Keep it simple, stupid: complex and costly submission processes inhibit developers Comparing the application distribution strategies of Nokia and Apple is revealing. Nokia was an early adopter of an open application platform for its phones. It has had open phones based on its S60 platform in its portfolio since 2001. Since then Nokia has shipped S60 in over 180 million mobile phones and stimulated approximately 9,000 applications for the platform. By comparison, Apple has had the iPhone open to applications since the middle of 2008 and has generated an approximately equal number of applications.
There are many differences in the approaches taken by Nokia and Apple; however, the most striking difference is in the cost and complexity of submitting and publishing applications for developers.
Nokia maintains multiple channels for developers to get to market, including MOSH, Nokia Software Market and Nokia Download Store. Nokia also supports developers distributing their applications directly over the Web, as well as a B2B marketplace for large ISVs and systems integrators.
By contrast, Apple and Google (for Android) have a single channel for developers to publish content. This has significantly helped both Apple and Google quickly build the number of applications available on their respective mobile stores.

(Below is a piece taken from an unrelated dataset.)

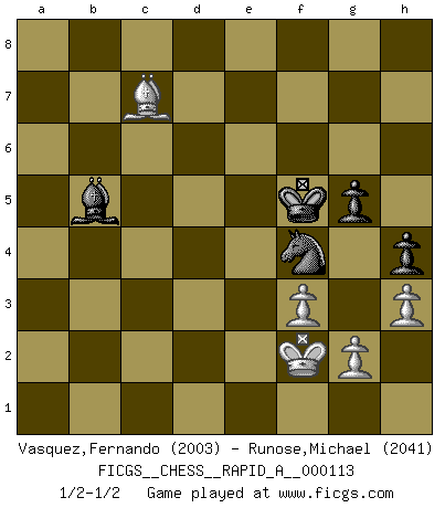 Last move : 1/2-1/2 2011 December 19 3:4:0 [Event "FICGS__CHESS__RAPID_A__000113"] [Site "FICGS"] [Date "2011.08.26"] [Round "1"] [White "Vasquez,Fernando"] [Black "Runose,Michael"] [Result "1/2-1/2"] [WhiteElo "2003"] [BlackElo "2041"] 1.e4 c5 2.d4 cxd4 3.c3 dxc3 4.Nxc3 Nc6 5.Nf3 e6 6.Bf4 Bb4 7.Rc1 Nf6 8.Bd3 d6 9.O-O Bxc3 10.Rxc3 h6 11.Bg3 e5 12.Bb5 Qc7 13.Re1 Be6 14.Rd3 Ke7 15.Nh4 g6 16.Rc3 Qb6 17.Bxc6 bxc6 18.b3 a5 19.Qc1 Ra6 20.Nf3 a4 21.Nxe5 dxe5 22.Bxe5 Rc8 23.Rd3 axb3 24.Bd6+ Ke8 25.axb3 Rd8 26.Qc3 c5 27.Bxc5 Rxd3 28.Qxd3 Qc6 29.Qd4 Bxb3 30.f3 Qc7 31.Rc1 Rc6 32.h3 g5 33.Rc3 Ng8 34.Qb4 Be6 35.Qb5 Bd7 36.Qc4 Ne7 37.Qb4 Ng6 38.Bd4 Qd6 39.Qxd6 Rxd6 40.Be3 Rc6 41.Rxc6 Bxc6 42.Kf2 f6 43.Bd4 Kf7 44.Bb6 h5 45.Bc7 Bb5 46.Bd6 Ke6 47.Bc7 Ne5 48.Bb6 Nd3+ 49.Ke3 Nf4 50.Kf2 h4 51.Bc7 Kf7 52.Bb8 Kg6 53.Bc7 f5 54.exf5+ Kxf5 1/2-1/2 Sicilian : Smith-Morra gambit Kingside Castling by player White (move 9) 10 pieces endgame at move 54 : White KBPPP , Black KBNPP WHITE : King + 1 Bishop 3 Pawns BLACK : King + 1 Bishop 1 Knight 2 Pawns This chess game ended in a draw. Follow this game move after move (download)A win by an unsound combination, however showy, fills me with artistic horror. (Wilhelm Steinitz) Kritik überlasse ich den Spießern. Ich zeige nichts, wofür ich mich schämen muss. (Alexandra Kosteniuk) El pensamiento metódico es mas útil en el Ajedrez que la inspiración. (C. J. S. Purdy) On a dit que l'homme se distingue de l'animal par le fait qu'il achète plus de livres qu'il ne peut en lire. Je voudrais suggérer qu'inclure à la liste des livres quelques livres d'échecs rendrait la distinction manifeste. (Edward Lasker) Children in the dark cause accidents, accidents in the dark cause children. (Unknown)

However, Apple's process for submission is not perfect for developers, as it retains the right to block a given application for business as well as technical reasons (for example, if an application competes with an existing Apple service). This lack of transparency inhibits developers as they cannot determine in advance (using the published guidelines) whether Apple will publish the application. Apple's competitors will exploit this weakness.
Monetising applications is key for developers and everyone else Commercial developers need a clear monetary incentive. Apple has demonstrated that its platform for the iPhone and iPod Touch allows developers to make money.
First, it has a consistent, non-fragmented platform so developers do not have to spend time (money) porting their applications to run on different hardware using the same software. Second, Apple has a clear revenue-sharing agreement with developers (Apple gets 30% and developers get 70% of application sales). Third, Apple has an existing billing relationship with consumers through its iTunes store and therefore consumers can buy with a single click without having to enter payment details for each purchase or trust a third party with these credentials.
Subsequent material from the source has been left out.